** DATA UNDER STUDY follows **

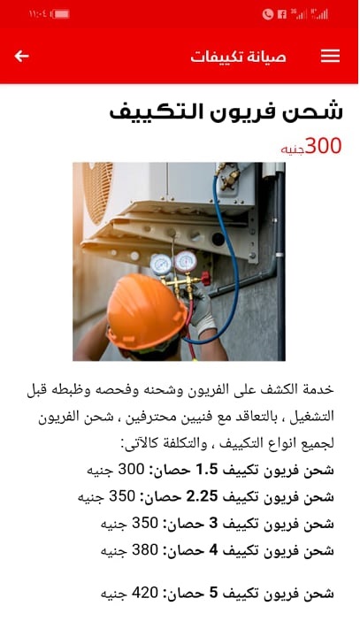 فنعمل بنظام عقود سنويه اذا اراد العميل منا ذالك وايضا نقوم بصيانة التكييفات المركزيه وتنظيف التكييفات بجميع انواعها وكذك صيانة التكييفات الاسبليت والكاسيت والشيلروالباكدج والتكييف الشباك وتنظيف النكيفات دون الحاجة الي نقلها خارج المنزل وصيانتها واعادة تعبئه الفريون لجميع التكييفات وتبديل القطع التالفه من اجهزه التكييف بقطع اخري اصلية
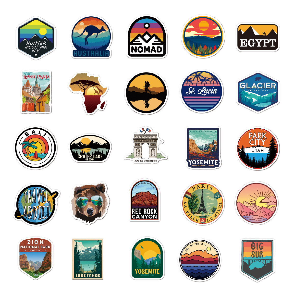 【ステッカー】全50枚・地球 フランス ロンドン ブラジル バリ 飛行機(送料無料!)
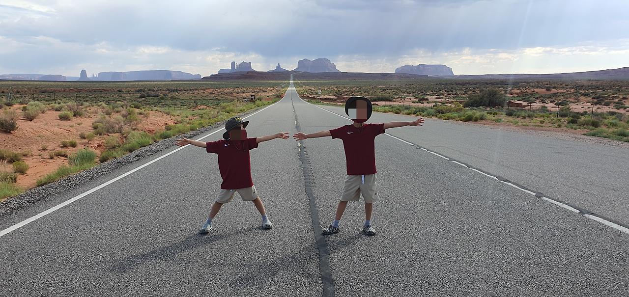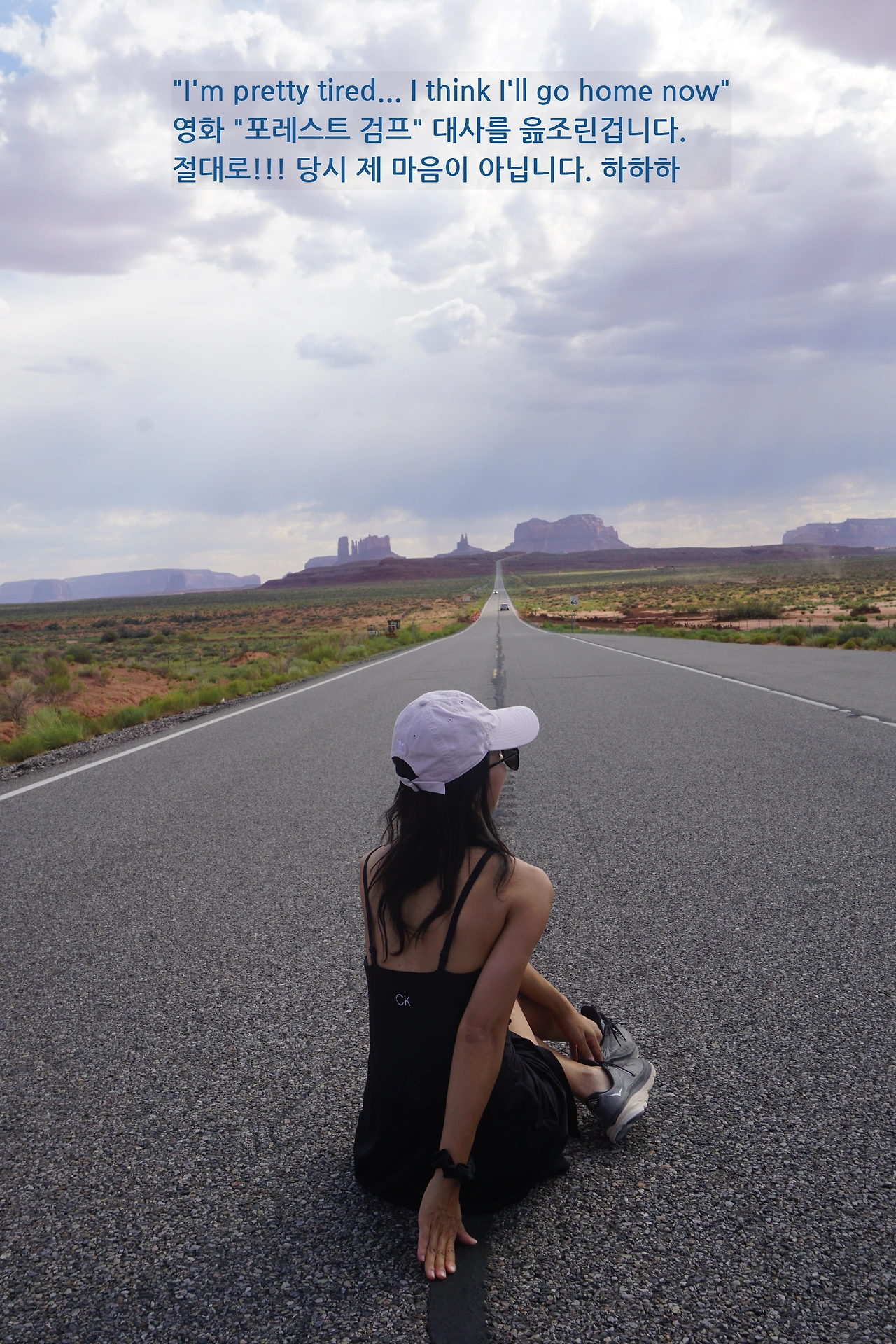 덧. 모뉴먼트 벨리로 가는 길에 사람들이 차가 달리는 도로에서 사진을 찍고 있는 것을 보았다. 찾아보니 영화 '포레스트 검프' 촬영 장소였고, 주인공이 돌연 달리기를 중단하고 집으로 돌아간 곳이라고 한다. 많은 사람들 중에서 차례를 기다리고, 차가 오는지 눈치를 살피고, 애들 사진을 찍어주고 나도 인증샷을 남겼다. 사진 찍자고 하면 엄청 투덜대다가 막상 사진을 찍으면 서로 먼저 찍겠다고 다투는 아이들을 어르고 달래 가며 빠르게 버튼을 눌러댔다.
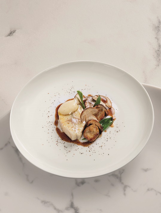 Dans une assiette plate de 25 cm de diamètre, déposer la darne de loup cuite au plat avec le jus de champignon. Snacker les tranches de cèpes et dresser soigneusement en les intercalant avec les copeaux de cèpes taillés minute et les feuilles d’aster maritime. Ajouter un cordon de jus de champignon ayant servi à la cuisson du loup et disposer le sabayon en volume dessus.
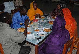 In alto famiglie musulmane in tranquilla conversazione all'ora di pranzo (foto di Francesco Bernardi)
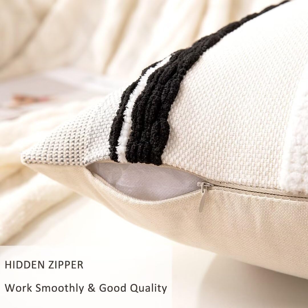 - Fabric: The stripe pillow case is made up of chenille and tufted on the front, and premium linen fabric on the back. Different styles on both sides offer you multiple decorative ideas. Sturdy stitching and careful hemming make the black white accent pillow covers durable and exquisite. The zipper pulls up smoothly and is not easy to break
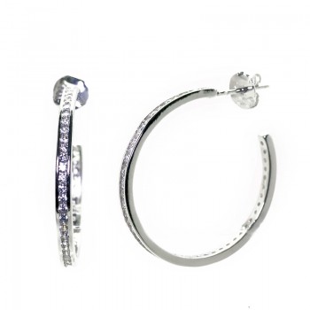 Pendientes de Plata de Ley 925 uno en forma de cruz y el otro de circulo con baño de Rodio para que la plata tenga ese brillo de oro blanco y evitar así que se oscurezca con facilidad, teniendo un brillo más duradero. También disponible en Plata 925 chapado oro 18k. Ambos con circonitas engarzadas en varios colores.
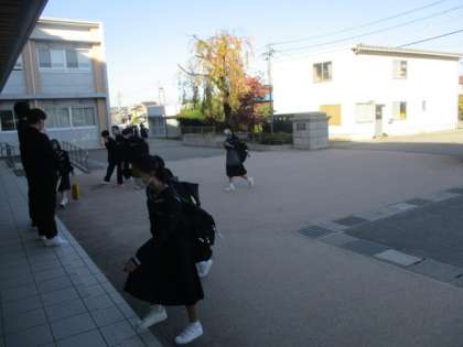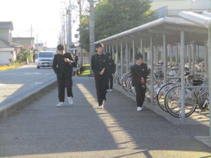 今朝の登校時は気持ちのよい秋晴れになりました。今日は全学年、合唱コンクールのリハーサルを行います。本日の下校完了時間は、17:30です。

** End of DATA UNDER STUDY **

• [TO DO] Please transcribe the listing above verbatim and exclude every picture.

• [ANSWER SPACE]
 فنعمل بنظام عقود سنويه اذا اراد العميل منا ذالك وايضا نقوم بصيانة التكييفات المركزيه وتنظيف التكييفات بجميع انواعها وكذك صيانة التكييفات الاسبليت والكاسيت والشيلروالباكدج والتكييف الشباك وتنظيف النكيفات دون الحاجة الي نقلها خارج المنزل وصيانتها واعادة تعبئه الفريون لجميع التكييفات وتبديل القطع التالفه من اجهزه التكييف بقطع اخري اصلية
 【ステッカー】全50枚・地球 フランス ロンドン ブラジル バリ 飛行機(送料無料!)
 덧. 모뉴먼트 벨리로 가는 길에 사람들이 차가 달리는 도로에서 사진을 찍고 있는 것을 보았다. 찾아보니 영화 '포레스트 검프' 촬영 장소였고, 주인공이 돌연 달리기를 중단하고 집으로 돌아간 곳이라고 한다. 많은 사람들 중에서 차례를 기다리고, 차가 오는지 눈치를 살피고, 애들 사진을 찍어주고 나도 인증샷을 남겼다. 사진 찍자고 하면 엄청 투덜대다가 막상 사진을 찍으면 서로 먼저 찍겠다고 다투는 아이들을 어르고 달래 가며 빠르게 버튼을 눌러댔다.
 Dans une assiette plate de 25 cm de diamètre, déposer la darne de loup cuite au plat avec le jus de champignon. Snacker les tranches de cèpes et dresser soigneusement en les intercalant avec les copeaux de cèpes taillés minute et les feuilles d’aster maritime. Ajouter un cordon de jus de champignon ayant servi à la cuisson du loup et disposer le sabayon en volume dessus.
 In alto famiglie musulmane in tranquilla conversazione all'ora di pranzo (foto di Francesco Bernardi)
 - Fabric: The stripe pillow case is made up of chenille and tufted on the front, and premium linen fabric on the back. Different styles on both sides offer you multiple decorative ideas. Sturdy stitching and careful hemming make the black white accent pillow covers durable and exquisite. The zipper pulls up smoothly and is not easy to break
 Pendientes de Plata de Ley 925 uno en forma de cruz y el otro de circulo con baño de Rodio para que la plata tenga ese brillo de oro blanco y evitar así que se oscurezca con facilidad, teniendo un brillo más duradero. También disponible en Plata 925 chapado oro 18k. Ambos con circonitas engarzadas en varios colores.
 今朝の登校時は気持ちのよい秋晴れになりました。今日は全学年、合唱コンクールのリハーサルを行います。本日の下校完了時間は、17:30です。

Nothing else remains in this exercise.